Regierungskrise in Italien:Italien steht vor Neuwahlen

Staatspräsident Mattarella löst beide Parlamentskammern auf. Ministerpräsident Draghi bleibt kommissarisch im Amt.

Von Oliver Klasen, München

Italiens Präsident Sergio Mattarella hat am Donnerstagabend das Parlament aufgelöst und damit den Weg für Neuwahlen freigemacht. Zuvor hatte Premier Mario Draghi erneut seinen Rücktritt eingereicht. In einer dramatischen, sich über Stunden hinziehenden Sitzung im Senat am Mittwoch hatte sich am Ende gezeigt, dass Draghi das Vertrauen von dreien seiner Koalitionspartner verloren hat.

"Das Auflösen des Parlaments ist immer der letzte Schritt", sagte Mattarella, nachdem er ein entsprechendes Dekret unterzeichnet hatte. Die politische Situation habe jedoch zu dieser Entscheidung geführt. Damit stehen Italien nun unruhige Wahlkampfwochen bevor: Der Urnengang muss binnen 70 Tagen abgeschlossen sein. Als Termin ist der 25. September vorgesehen. Umfragen zufolge könnten dabei die rechtsextremen Fratelli d'Italia von Giorgia Meloni stärkste Partei werden und zusammen mit der Forza Italia von Ex-Premier Silvio Berlusconi und der Lega von Matteo Salvini eine Koalition bilden.

Draghis Rede in der Abgeordnetenkammer am Mittwoch hatte nur wenige Minuten gedauert. Zu Beginn wurde der Premier, der über weite Teile des politischen Spektrums hochgeschätzt ist, von zahlreichen Abgeordneten mit Applaus im Stehen empfangen. Draghi bedankte sich und kündigte dann mit knappen Worten an, dass er sich umgehend zu Sergio Mattarella begeben werde, dem Staatspräsidenten.

Dieser nahm Draghis Rücktritt an, bat den Ministerpräsidenten aber, übergangsweise die Regierungsgeschäfte zu führen, bis eine andere Lösung gefunden ist. Bei Mattarella war Draghi vor einer Woche schon einmal vorstellig geworden und hatte seinen Rücktritt eingereicht, nachdem ihm die populistische Fünf-Sterne-Bewegung nach einer Abstimmung im Parlament die Unterstützung entzogen hatte. Damals lehnte Mattarella den Rücktritt ab und wies Draghi an, sich erneut ins Parlament zu begeben und bei den Abgeordneten für einen Fortbestand der Regierung zu werben. Genau das tat der Ministerpräsident am Mittwoch im Senat, der zweiten Kammer des italienischen Parlaments. In einer eindringlichen und kämpferischen Rede hatte er an die Abgeordneten appelliert, ihm das Vertrauen zu geben.

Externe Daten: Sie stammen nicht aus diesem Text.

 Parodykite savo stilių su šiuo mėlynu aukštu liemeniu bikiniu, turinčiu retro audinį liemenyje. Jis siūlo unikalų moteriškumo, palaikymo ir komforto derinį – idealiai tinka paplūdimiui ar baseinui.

Zwar gewann Draghi die Vertrauensabstimmung formal. Drei der Parteien seiner Koalition - die rechtsgerichtete Lega des früheren Innenministers Salvini, die Forza Italia des früheren Regierungschefs Berlusconi und die Fünf Sterne - blieben der Abstimmung jedoch fern und demonstrierten so, dass sie nicht mehr bereit sind, Draghi zu stützen.

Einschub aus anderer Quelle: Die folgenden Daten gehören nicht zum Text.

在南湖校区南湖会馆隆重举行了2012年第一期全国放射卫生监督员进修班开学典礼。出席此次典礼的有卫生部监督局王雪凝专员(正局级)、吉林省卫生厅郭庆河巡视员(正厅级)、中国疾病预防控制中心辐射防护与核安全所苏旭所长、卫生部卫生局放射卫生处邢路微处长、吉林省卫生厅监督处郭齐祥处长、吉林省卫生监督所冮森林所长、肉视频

Seine vor eineinhalb Jahren mitten in der Corona-Krise gebildete Regierung umfasste nahezu das gesamte politische Spektrum von der rechten Lega bis zu den linkspopulistischen und EU-kritisch eingestellten Fünf Sternen. Der Ministerpräsident hatte stets betont, dass es ihm nicht genüge, eine knappe Mehrheit hinter sich zu versammeln. Die Unterstützung müsse genauso stark sein wie zu Beginn seiner Regierungszeit.